### What to work on
Omit the pictures and retype only the lines from the one containing "在【视频恢复宝】的主界面中,点击【图片恢" through the end of the listing, both ends included.

================================

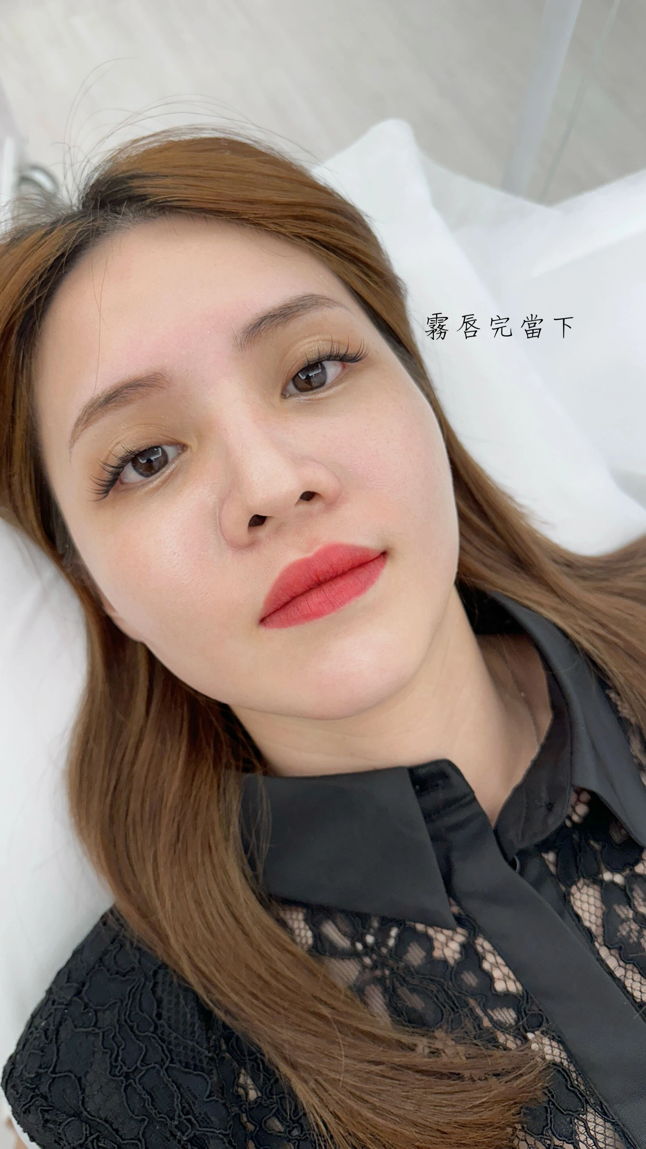 ▼療程結束後,紋繡師會再次用手機拍照,比對嘴唇在五官上的比例,細心確認整體是否對稱,朋友說這次霧完的效果真的讓人非常滿意,不僅修飾了原本唇部暗沉、唇色不均的狀況,整體氣色也變得更加紅潤,看起來就像天生帶妝一樣自然又有神!
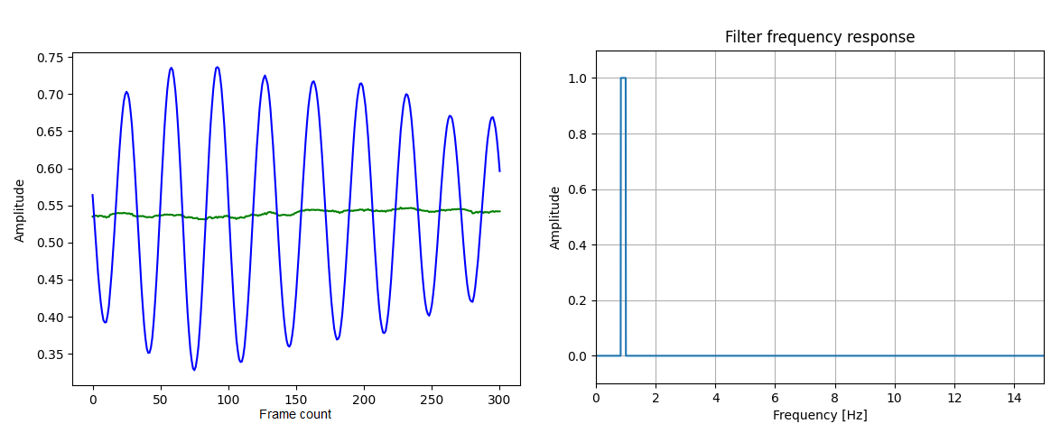 Bellow are the amplified signal and the bandpass filter used for the "face.mp4" video.
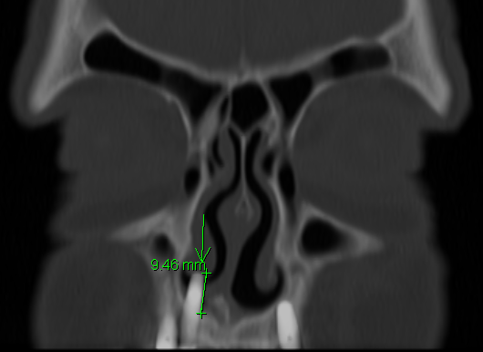 Odontogenic rhinosinusitis is defined as sinusitis induced by a dental lesion. The common etiologies include periapical and periodontal disease, odontogenic lesions and iatrogenic and traumatic causes. Iatrogenic causes include complications of tooth extractions, implants, sinus augmentation, osteotomies and other orthodontic surgery, and a foreign body reaction to either the root canal sealant or filling material used in root canal therapy. A significant amount of literature is dedicated to complications associated with dental implants and sinus lifts. The reported incidence of rhinosinusitis resulting from sinus augmentation is 0-27% (4). However, when strict criteria are used to define rhinosinusitis, the incidence is 4.5%. Approximately 1/3 of these patients will progress from acute to chronic rhinosinusitis. Chronic rhinosinusitis requiring surgical intervention from sinus augmentation is reported to be 1.3% of patients(4). Sinus inflammation consisting of mucous membrane thickening on preaugmentation CT imaging is a statistically significant risk factor for post procedure acute or chronic rhinosinusitis (5). These are patients who would benefit from a preaugmentation ENT evaluation.
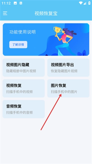 在【视频恢复宝】的主界面中,点击【图片恢复】功能选项,即可进入图片导出的筛选设置页面。
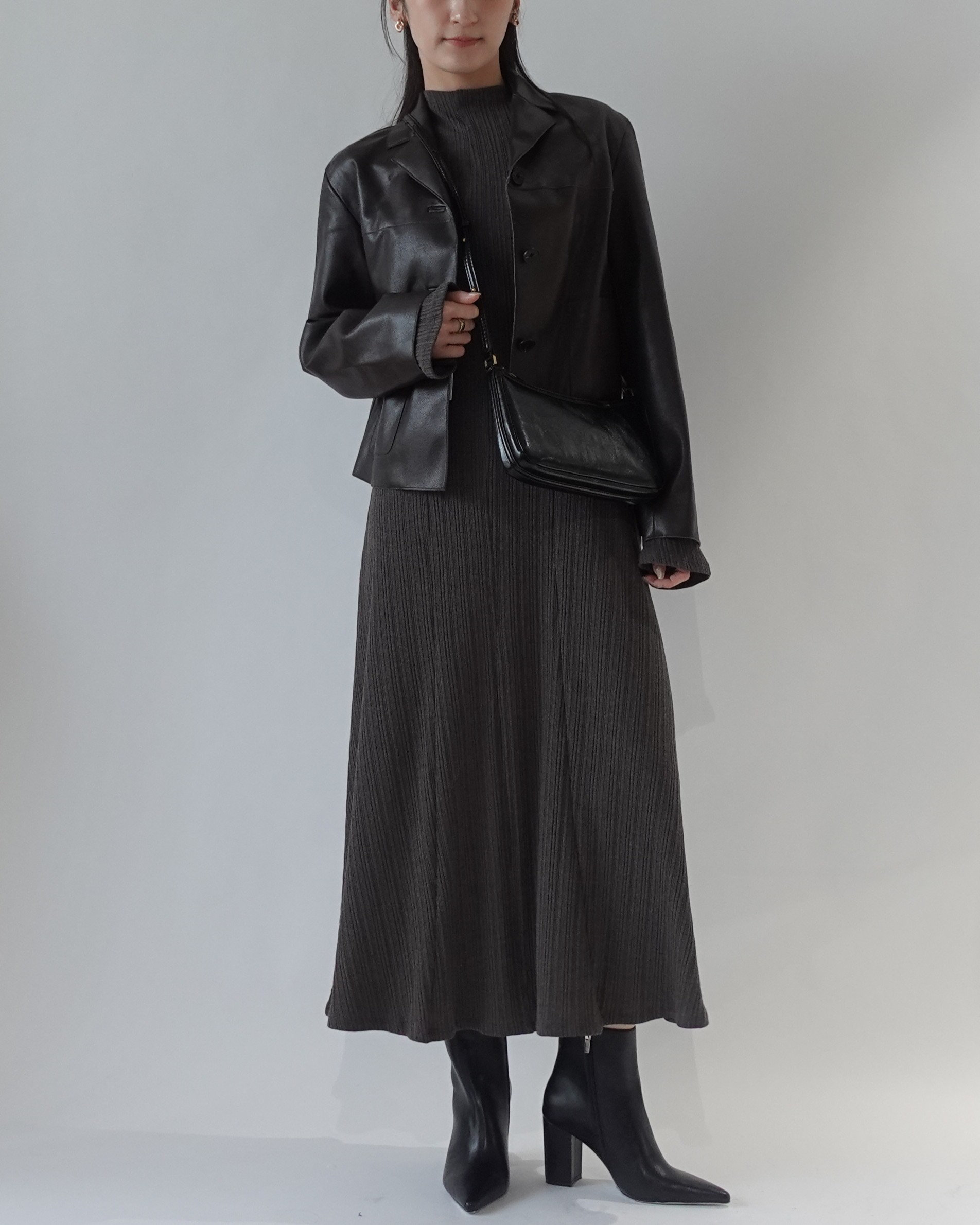 洗練されたブラックのショート丈レザージャケットに、落ち着いたグレーのロングワンピースを合わせたモードな着こなし。

================================

### Reply to the task
 在【视频恢复宝】的主界面中,点击【图片恢复】功能选项,即可进入图片导出的筛选设置页面。
 洗練されたブラックのショート丈レザージャケットに、落ち着いたグレーのロングワンピースを合わせたモードな着こなし。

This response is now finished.